И ведь, вот что странно, изнеженным аристократишкой Алан себя не считал, дрался иной раз не на жизнь, а на смерть, бывал ранен не единожды и даже принимал участие в схватках с разбойниками. Воевать, правда, не воевал, но иной раз и на дороге можно попасть в такую переделку, что куда там настоящим воинам. И ведь всегда сносил все ранения стоически, не скулили и в обморок при виде крови, как собственной, так и чужой, не падал. А вот стоило только по неосторожности ранить самого себя, палец там порезать или вот как сейчас, крови на магический анализ нацедить, как превращался в сомлевшую институтку. Удивительно.
Тошнота и слабость все не отпускали, и Алан основательно приложился к бутылке с вином. Пил жадно, крупными глотками, морщился от мерзкого вкуса, но пока не выпил все, бутылку не отставил. Алкоголь подействовал слабо, но граф Фарли, сжав зубы, продолжил свое занятие.
Взял два тонких стеклышка, на одно капнул каплю собственной крови из цилиндра, вторым прижал сверху. Подержал так немного, а затем установил стеклышки особым способом на зеркале. Сверху приладил хитрый аппарат, в котором был вставлен специальный артефакт.
Выдохнул и склонился над зеркалом, разглядывая собственную кровь через кристаллы артефакта. Крутил его и так и этак, вертел, шипел себе под нос что-то неразборчивое и в результате выругался вслух:
- Шарх побери! Поздно! И что теперь делать? Состав зелья не определить, кровь выжгла большую часть компонентов. Вот же маменька, удружила! Наградила на мою голову.
Алан ругнулся еще раз, потянулся к бутылке, но оказалось, что вина там уже не осталось, что еще сильнее его разозлило.
- Не ночь, а катастрофа какая-то! – буркнул себе под нос граф, отставляя пустую бутылку на пол.

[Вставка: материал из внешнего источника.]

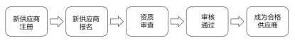 (3) 成为合格供应商:新供应商最终审核通过成为合格供应商之后,将按照合格供应商的标准参与后续投标及开展双方友好合作。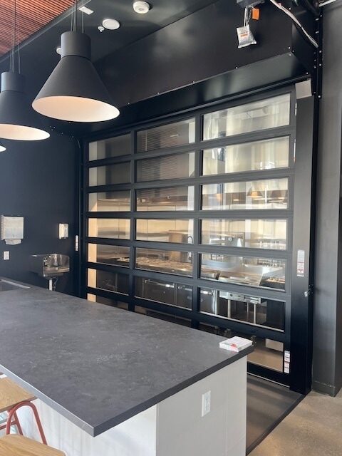In November of 2024, we installed this commercial overhead door in the food accelerator area of the Riverwest Apartments in Milwaukee, WI! The overhead door we installed is a gorgeous Clopay VertiStack Clear Door and helps to showcase the kitchen hidden behind the door.
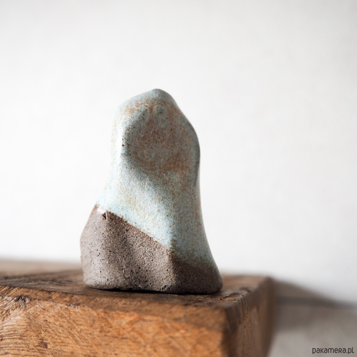 Niewielki, ręcznie tworzony wazonik o organicznej formie, która sprawia, że każdy egzemplarz ma swój indywidualny charakter. Pokryty szkliwem w naturalnych odcieniach błękitu i beżu, przywodzi na myśl spokojną, naturalną paletę kolorów.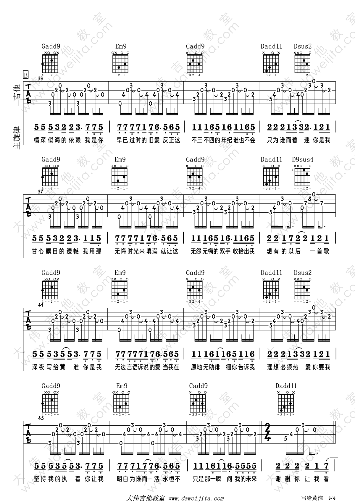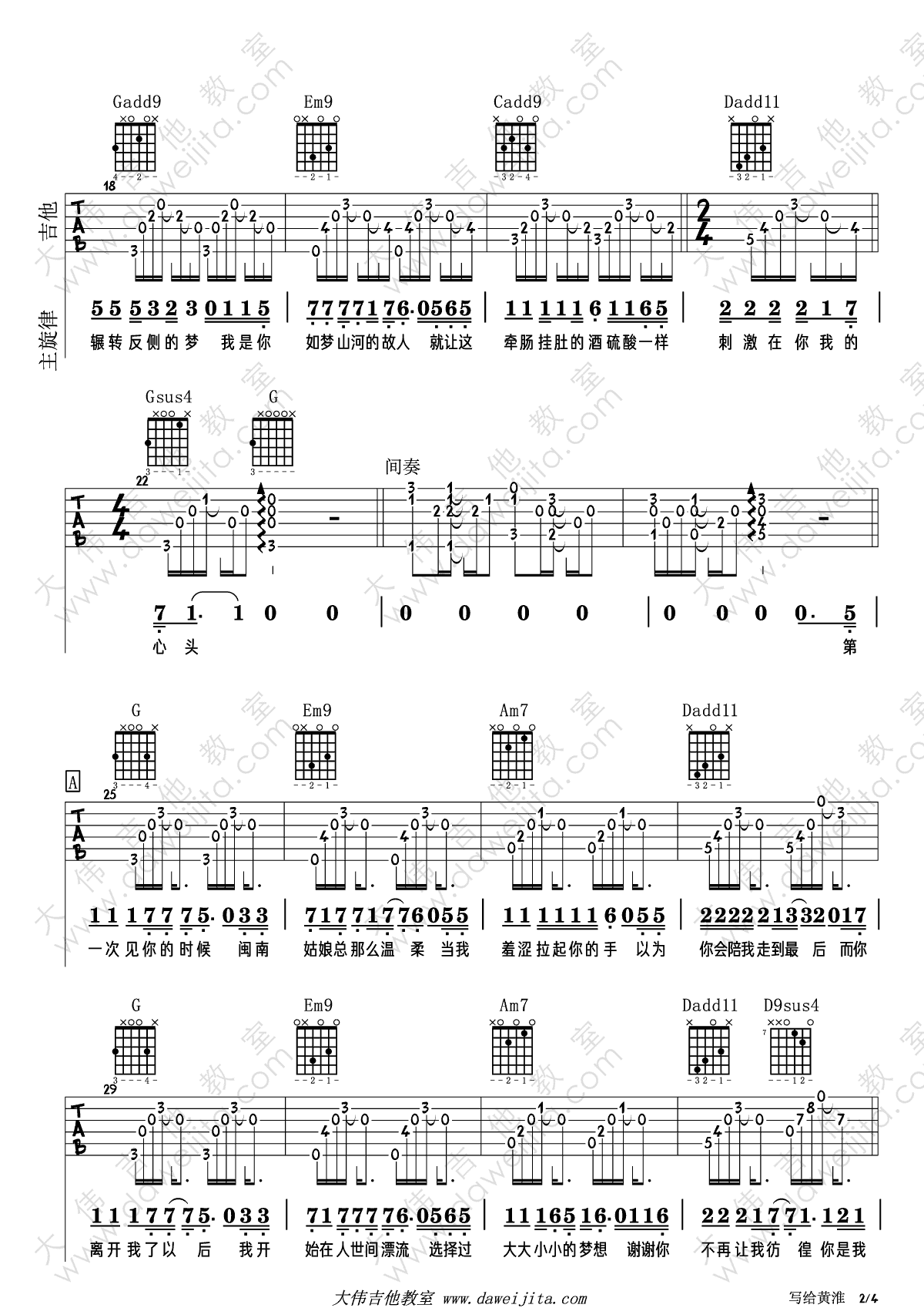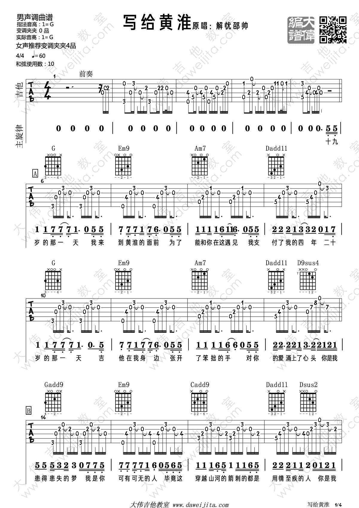当前位置:琴谱网>吉他弹唱>写给黄淮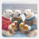 Three happy polar bears are partying on an Arctic glacier, wearing Christmas ugly sweaters and holding mugs of beer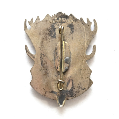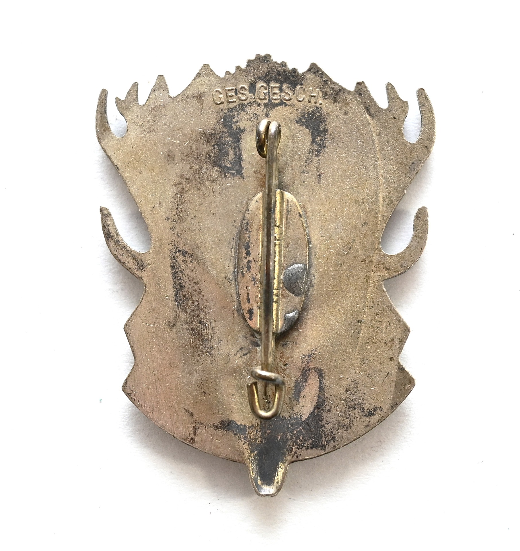 The abzeichen or badge shows overall normal signs of wear. Its complete with needle on the back and marked 'Ges.Gesch.'.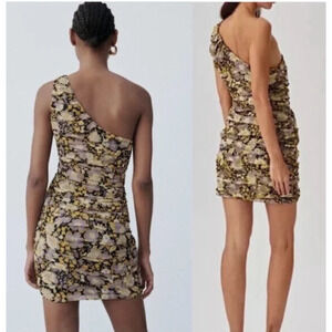 NEW ZARA M One Shoulder Metallic Floral Ruched Mini Dress in Gold/Purple $50 D53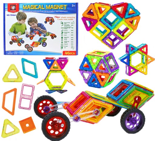 Zestaw zawiera 46 elementów klocków. Wszystkie elementy namagnesowane, z możliwością łączenia się.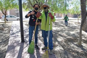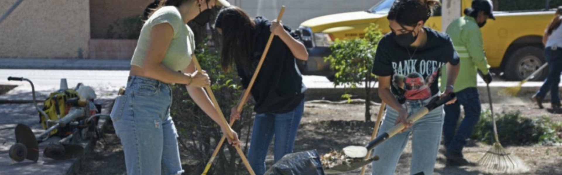 23 febrero 2022; Saltillo, Coahuila.- Estudiantes del Instituto Tecnológico y de Estudios Superiores de Monterrey, Campus Saltillo, y personal de la Dirección de Medio Ambiente y Espacios Urbanos llevaron a cabo trabajos de limpieza y embellecimiento en una de las plazas públicas de la colonia Cumbres.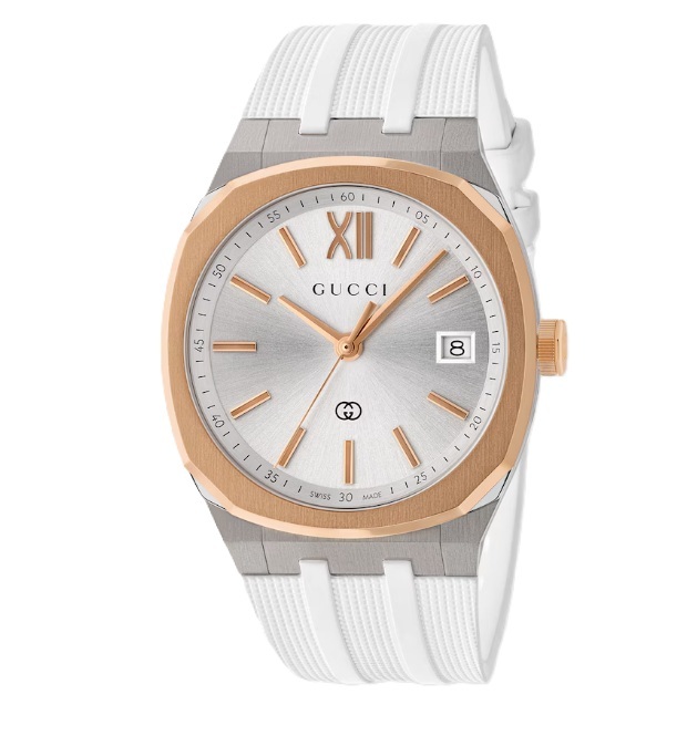 Pink gold-plated bezel, silver dial, Interlocking G detail, Gucci logo and date opening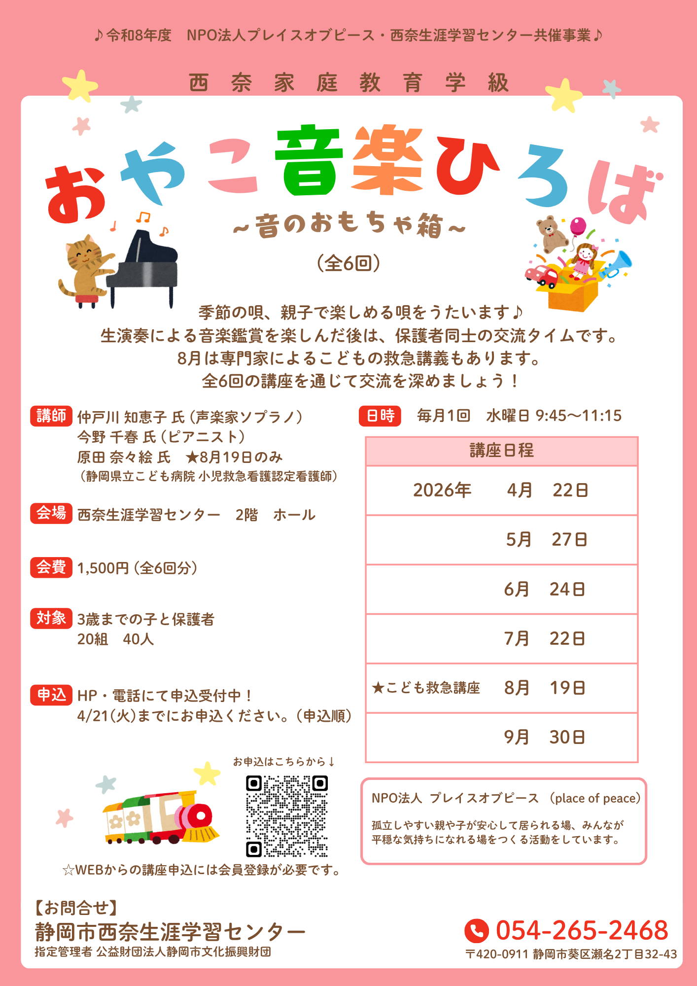 | 問い合わせ先 | 西奈生涯学習センター(電話:054-265-2468) |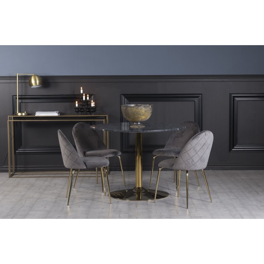 Plaza spisegruppe, marmorbord med 4 st Plaza fløyelstoler - Grå/Messing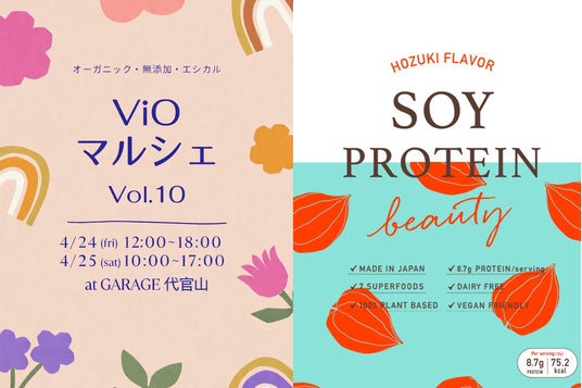 ViOマルシェは、オーガニック・無添加商品の製造・販売者が集う産直マルシェです。ハリウッドからは、大豆プロテインブランド「ソイプロビューティ」を含む3ブランドが参加。ソイプロビューティからは、2026年5月22日(金)に発売予定の新フレーバー「ソイプロビューティ ほおずき」を、発売に先駆けて初披露します。そのほか、オーガニック・無添加商品の魅力をご体感いただけるアイテムをお届けします。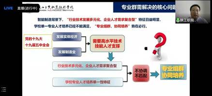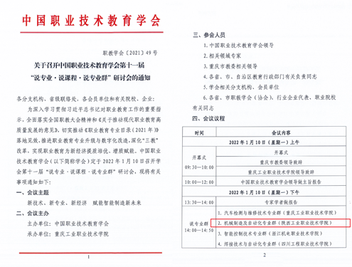 2022年1月10日,由中国职业技术教育学会主办,重庆工业职业技术学院承办的第十一届“说专业•说课程•说专业群”研讨会以线上、线下相结合的方式举行,我院机械制造与自动化专业群受邀参加此次会议,专业群带头人赵明威教授在“说专业群”板块进行主题发言。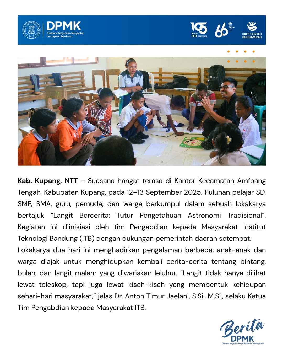 Kupang Regency, NTT – A warm atmosphere was felt at the Central Amfoang District Office, Kupang Regency, on September 12–13, 2025. Dozens of elementary, middle, and high school students, teachers, young people, and residents gathered for a workshop titled "Telling Skies: Traditional Astronomical Knowledge Narratives." This activity was initiated by the Community Service team of the Bandung Institute of Technology (ITB) with the support of the local government.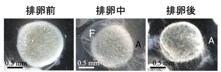 図2. 排卵により卵が膜(F)から離れると渦巻き状に密着していた糸(A)がほどける。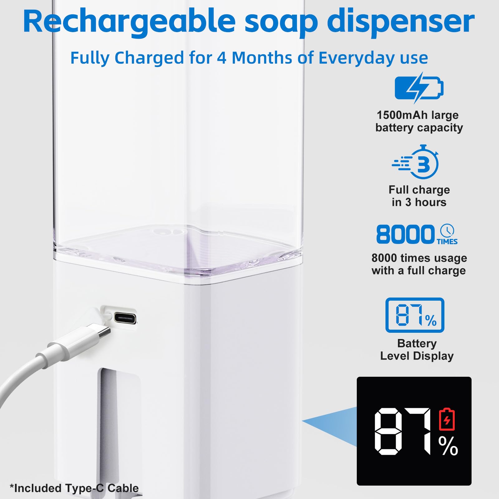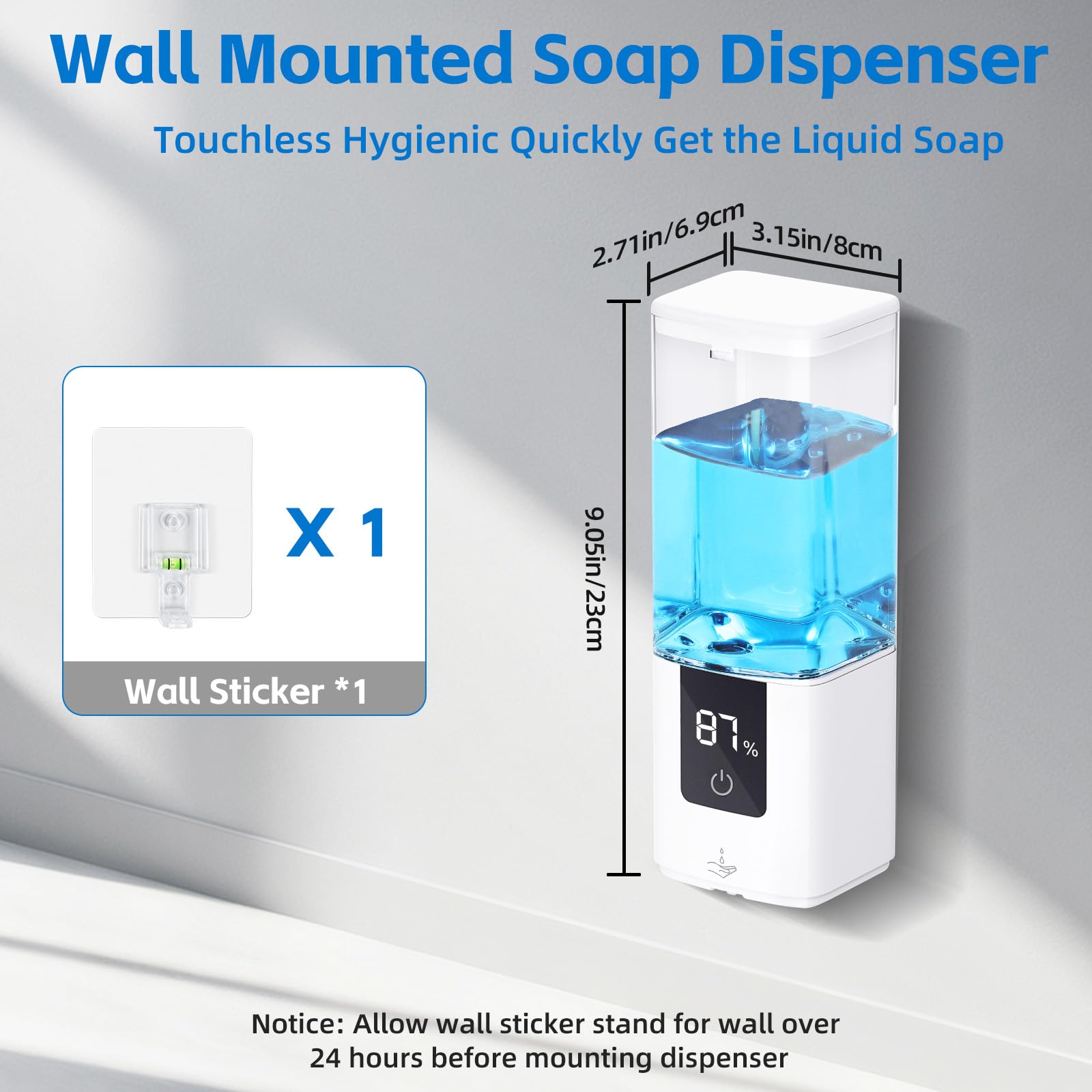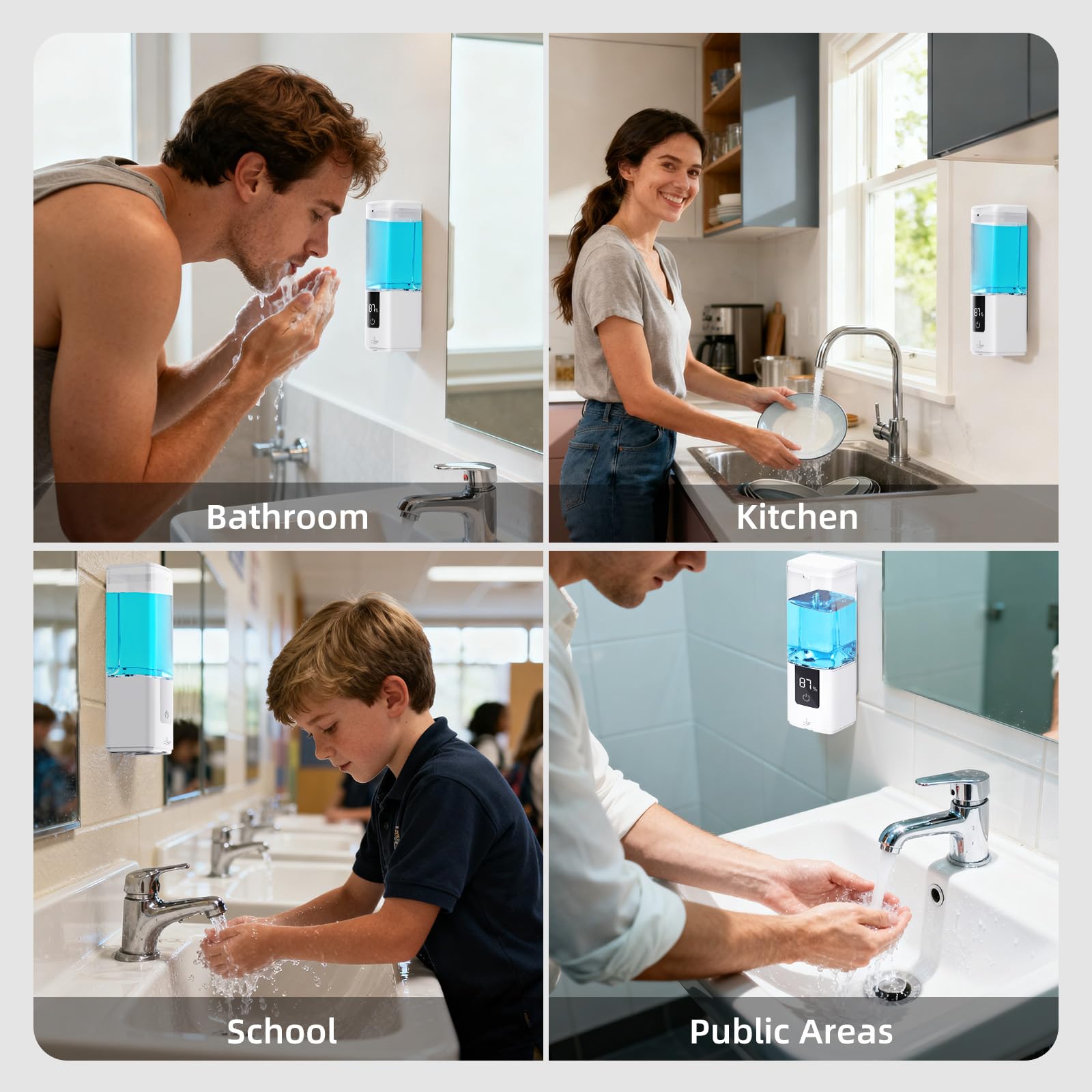 LAOPAO ソープディスペンサー 自動 液体 壁掛け シャンプーディスペンサー 5段階調整 デジタルディスプレー 充電式 IPX7防水 センサー式 シャンプーボトル 浮かせる 詰め替えボトル オートディスペンサー ハンドソープディスペンサー ボディーソープ 食器洗剤 540ml大容量 ホワイト [並行輸入品]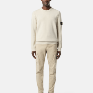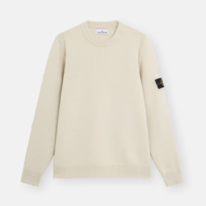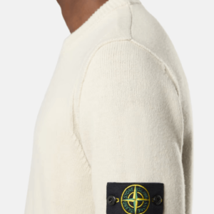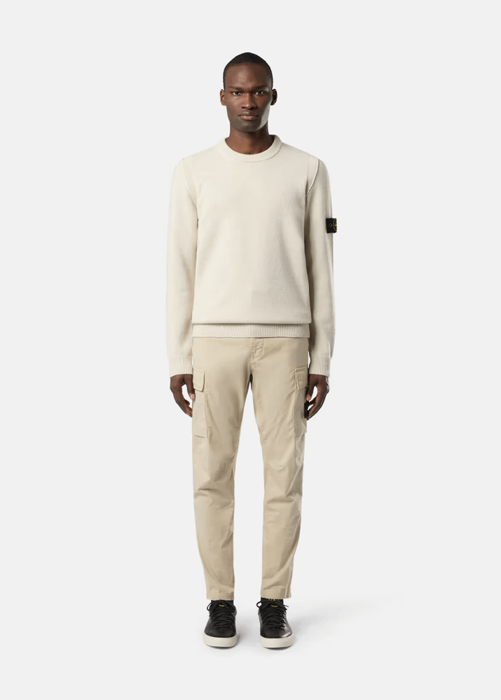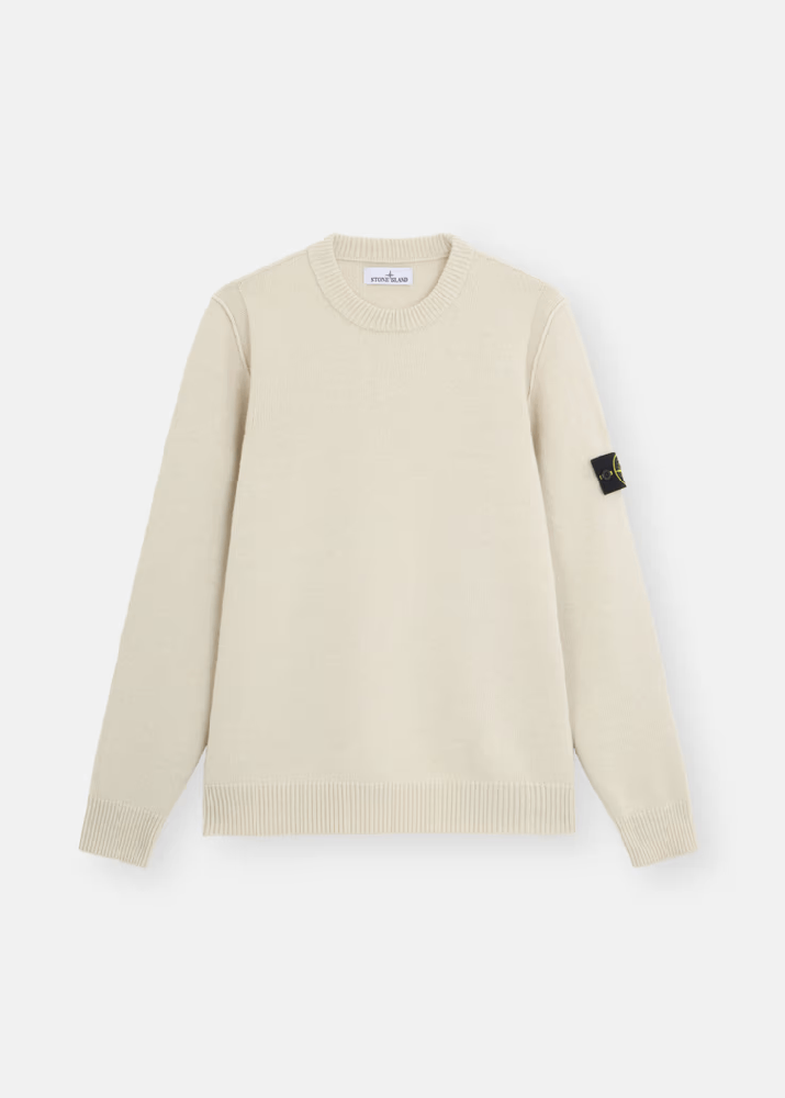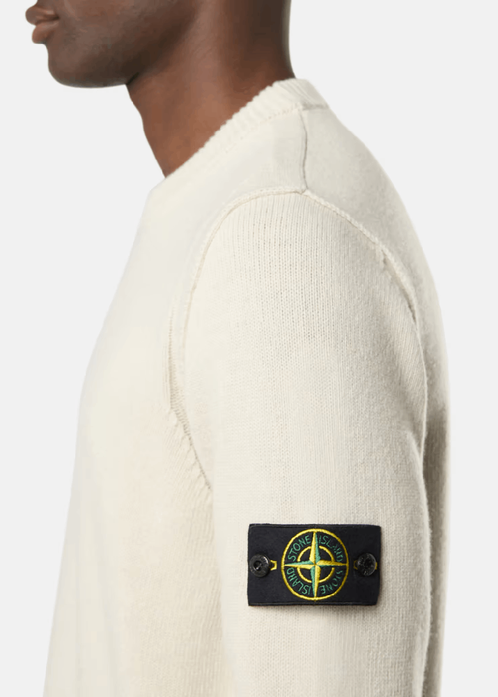 Maglione a girocollo in lambswool con scollo a coste, disegni a fascia a maglia rasata rovesciata e cuciture in rilievo. Finezza 7.

Пришлось на время оставить стеклышки, вымазанные кровью в покое и разобраться с цилиндром. Из сундучка Алана вытащил два небольших флакончика: один из темного стекла, второй на удивление, прозрачный. Распределил собственную кровь из цилиндра по флакончикам, тщательно завазюкал пробки расплавленным сургучом, приложился к каждой печаткой, которую вот уже несколько лет, не снимая, носил на мизинце левой руки. Печать эта была хитрая, с подковыкой. Вот если на нее смотреть прямо без каких-либо ухищрений, то виден герб рода Фарли: роза без шипов и две капли крови, падающие с лепестков. А вот если посмотреть на изображение под углом, да поднести оттиск поближе к горящей свече, то можно увидеть, что вовсе не роза это, а самая, что ни на есть рапира, в навершии которой горит яркое пламя, и скрещена она с секирой, которой в стародавние времена колдунам и ведьмам головы рубили. Ее, секиру эту, так и называли – «Ведьмина смерть» и использовали только на благое дело – казнь тех, кто использовал свой магический дар не на благо людей, а им во вред. Правда, последние лет пятьдесят, такой секирой не использовалтиь вовсе, поскольку магия стала медленно уходить из мира, маги рождались по большей части слабыми, едва способными на то, чтобы свечку зажечь. А ведьмы… эту погань почти всю извели инквизиторы, а если когда и попадалась какая колдовка, то ее на костер отправляли, а головы теперь все больше дворянам-заговорщикам рубили, вроде как почести «голубой крови» оказывали. Если на плаху простолюдин попадал или торговец - тех просто вешали.
Запечатав флаконы, Алан еще какое-то время любовался на оттиск печатки. Крутил его и так и этак, удивляясь в который раз, как хитро придумано. Эмблема тайной организации, созданной еще под покровительством батюшки теперешнего короля, так удивительно вписалась в его родовой герб, что просто диву даешься. Нет, Алан, конечно же, слышал истории о том, что его отец в свое время много сил положил на то, чтобы очистить Леоринию от ведьм и всякой погани, так что удивляться особо было нечему. Глядя на эмблему тайной организации, членом которой сам Алан стал всего шесть лет назад, когда не стало родителей, можно было предположить, кто именно приложил руку к ее созданию.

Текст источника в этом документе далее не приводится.